Conformity assessment of medical devices

According to Resolution of the Cabinet of Ministers from October 2 2013р. #753, all types of healthcare products must be assessed in compliance with the following technical regulations:

  • Technical regulation regarding healthcare products approved by Resolution of the Cabinet of Ministers from 02.10.2013 #753;
  • Technical regulation regarding healthcare products for in vitro diagnostics, approved by Resolution of the Cabinet of Ministers from 02.10.2013 #754;
  • Technical regulation regarding active implanted healthcare products approved by Resolution of the Cabinet of Ministers from 02.10.2013 #755.

Healthcare products can be put on the market only in case if the totally comply with the requirements of Technical Regulations on condition that they are duly supplied, installed, technically served and are used as intended.

The procedure of compliance assessment in accordance with technical regulations depends on the class of the healthcare products.

The eventual result of the procedure is obtaining of the Certificate of Compliance, the Compliance statement and the Technical File.

 

SERVICES

1. Cooperation with authorized representative of the Customer on the territory of Ukraine in terms of working on applications and marking design for the purpose of compliance assessment. Assistance regarding import issues and putting the products on the Ukrainian market.

2. Cooperation with authorized representative of the Customer on the territory of its country in terms of getting information and documents needed to conduct process of compliance assessment of the healthcare products.

3. Management of the experts work on assessment process regarding internal audit of the Manufacturing Company.

- In the course of the procedure of compliance assessment in accordance with technical regulations it is necessary to conduct audit of the Manufacturing Companies. The audit is to be conducted by Ukrainian Auditors.

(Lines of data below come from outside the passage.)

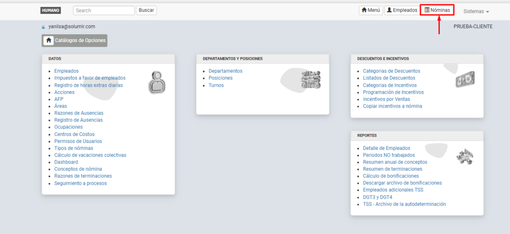 Dirígete al menú superior derecho y haz clic en la opción Nómina.
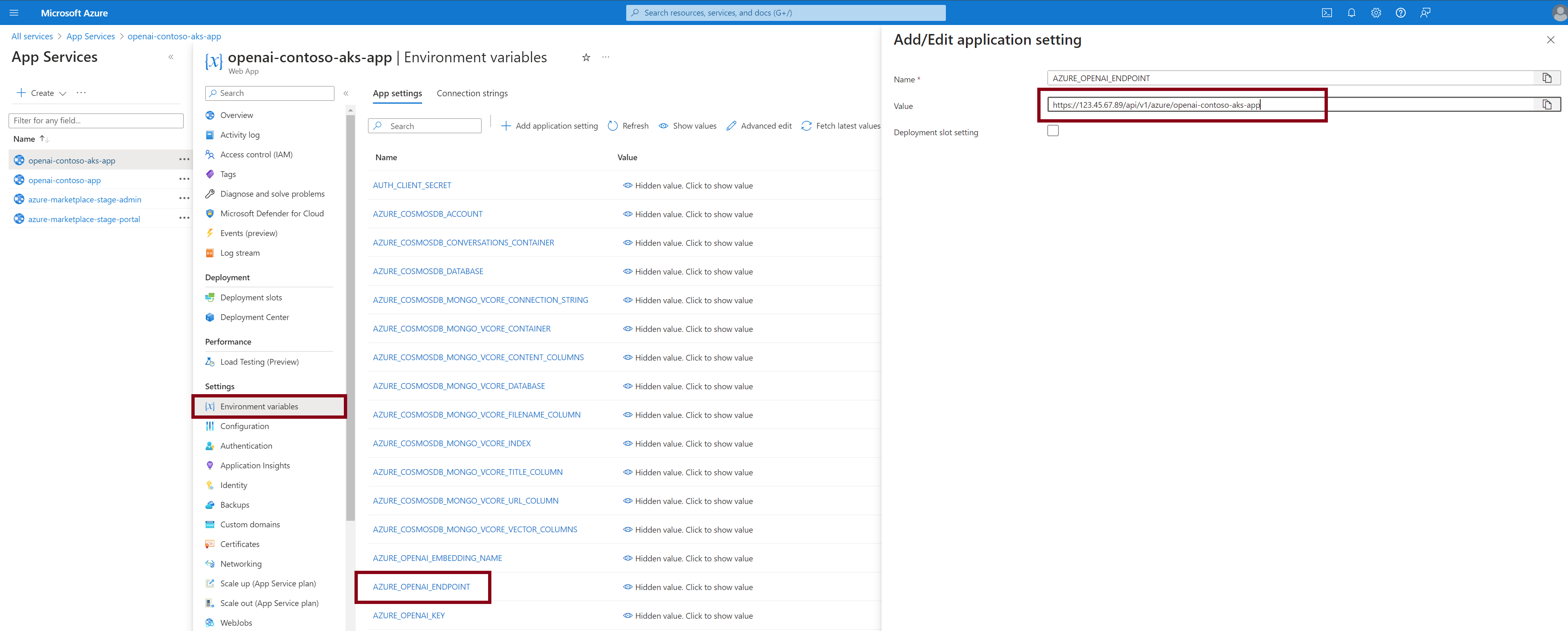 Find the setting for AZURE_OPENAI_ENDPOINT, click on the name, then modify its value:
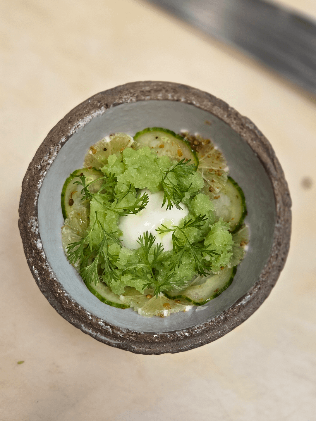 Compressed lime and cucumber with coriander. Buttermilk gel. Cucumber and herb granita. Bolted cilantro.
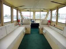 Range; 300NM, Engine: Caterpillar C9 375HP Diesel, Cruise Speed: 35 knots., Max Speed: 70 knots, Sea State: up to Force 6, Length: 14.45 meters, Beam: 5 meters, Cabin Height: 2 meters and an 800 rpm “Pitch in Motion” low noise propeller.
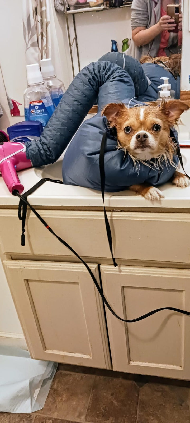 Mi casa era un caos cada baño. Pelo por el sofá, piso, ropa. Ahora, después del baño, meto a Isis adentro, conecto la secadora y listo. El pelo queda dentro de la bolsa y el piso limpio. Mucha menos limpieza después. Vale cada centavo.
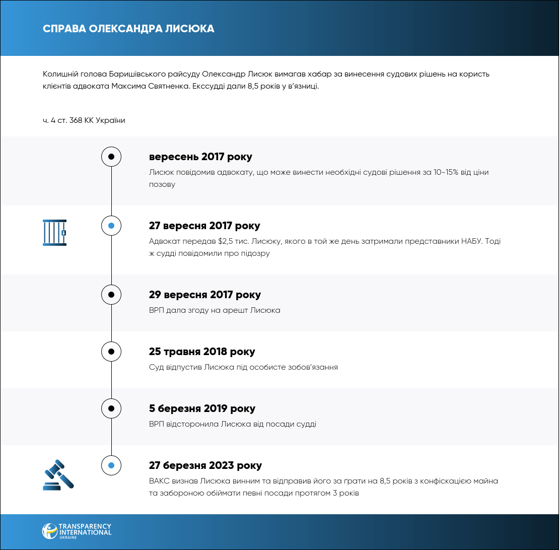 27 березня 2023 року ВАКС визнав винним колишнього голову Баришівського райсуду Олександра Лисюка у вимаганні хабаря за винесення рішень на користь клієнтів знайомого адвоката.
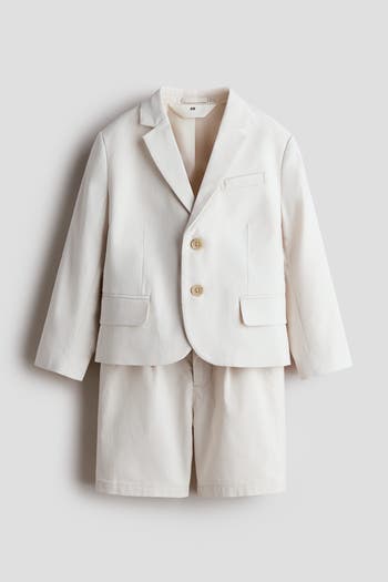 Set with a blazer and pair of shorts in a soft cotton weave. Single-breasted blazer with notch lapels, a welt chest pocket, jetted front pockets with a flap and decorative buttons at the cuffs. Lined. Shorts with an adjustable, elasticated waist and a zip fly with a button. Diagonal side pockets, a welt back pocket and pleats at the front.

4. To keep control on timely getting the Certificates of Compliance from the accredited certification institutions within the time frame of 10-14 days from the audit date.

5. To organize the process of translation of the documents provided by Manufacturer in order to present them to certification institutions.

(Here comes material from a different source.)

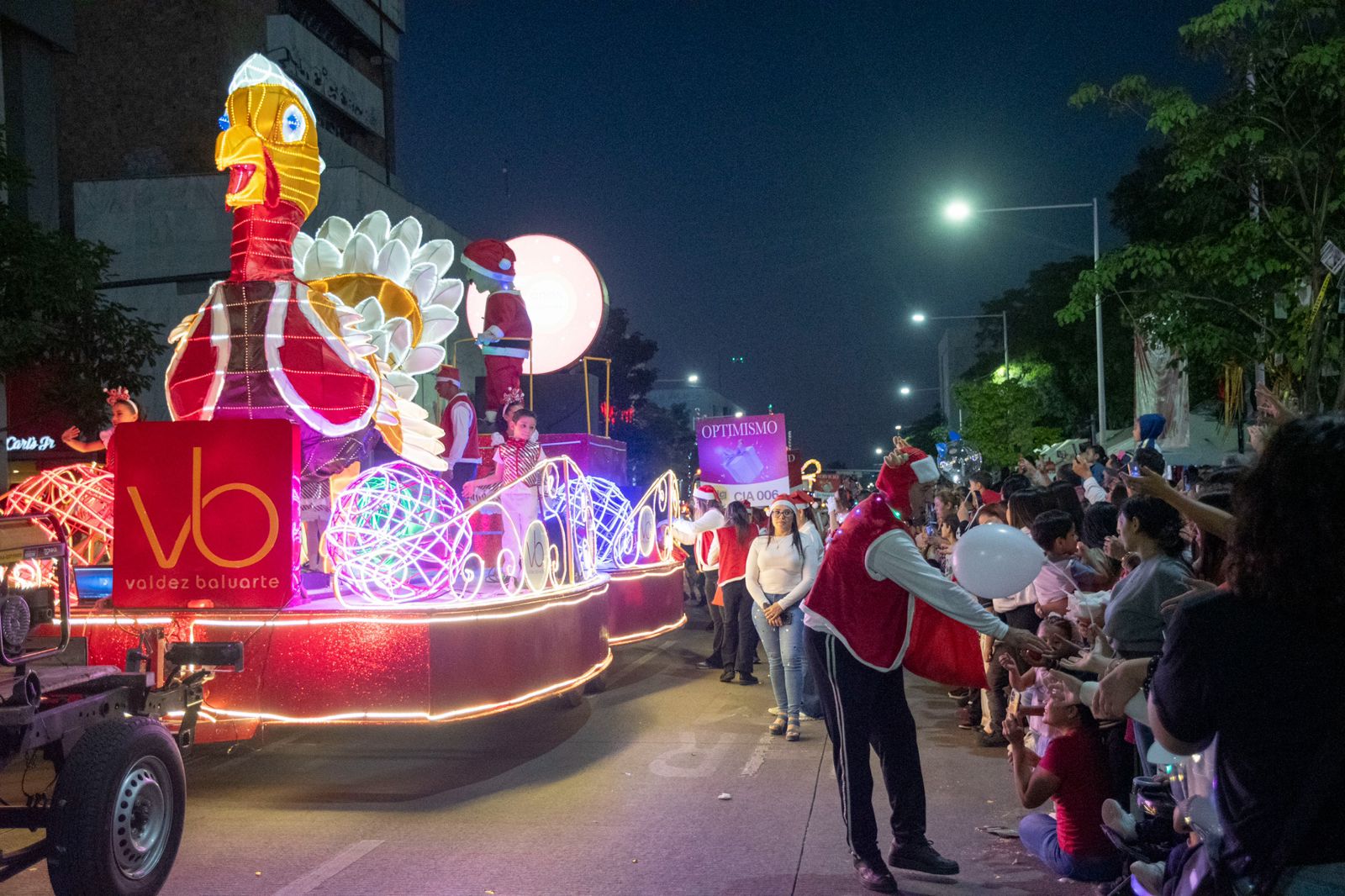 Los carros alegóricos sorprendieron con temáticas como la Estrella de Belén, la Anunciación, el Nacimiento, los Reyes Magos, un gigantesco árbol navideño, la magia de los regalos al amanecer, la tradicional cena de Navidad, dulces típicos, la Fábrica de la Felicidad, el Buzón y Trineo de Santa, espectáculos circenses, castillos de princesas, Navidad en el campo, bochos convertidos en trineos, Shrek navideño, las Chicas Cocodrilo y muchas otras propuestas festivas que emocionaron a niños y adultos.

6. To accept financial resources to the company accounts from the Customer for the purpose of work performance.

 

COSTS

Costs for assistance, arrangements and compliance assessment are to be calculated in accordance with the type of healthcare product or medical equipment and safety class of the products.

 

TIME FRAMES

Time to completion is 4-5 weeks starting from the moment of getting the complete package of the documents from the Manufacturer (all the necessary certificates and technical files).

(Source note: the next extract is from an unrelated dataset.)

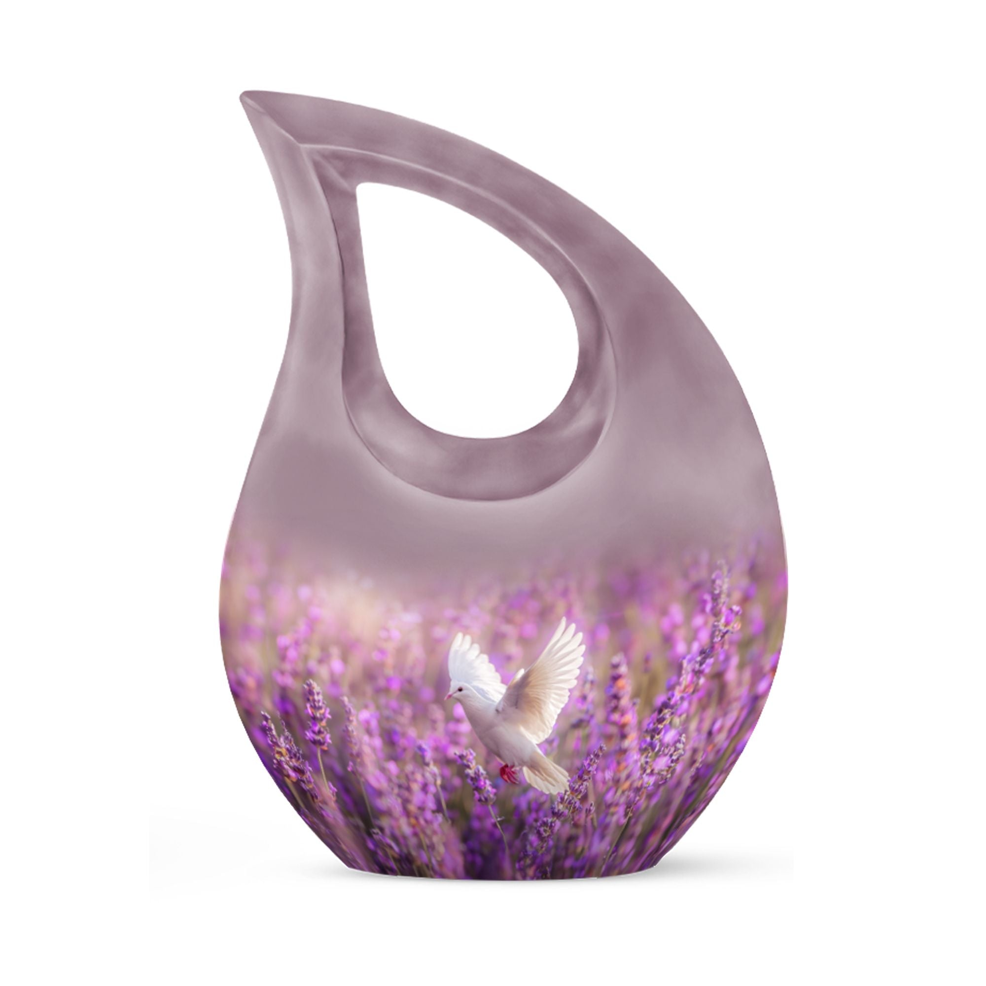 White Dove on Purple Modern Ashes Urn: A Divine Home

Also the time frame depends on timely arrangement of the dates and terms of carrying out the audit of the Manufacture by Ukrainian experts.

 

LIABILITY

Liability of «EASTERN INDUSTRIAL GROUP» LLC is to be executed after passing original of the Certificate of Compliance, the Compliance statement and the Technical File to the Customer. The original documents are to be kept for 5 years.

«EASTERN INDUSTRIAL GROUP» LLC guarantees confidentiality and nondisclosure of information to the third party.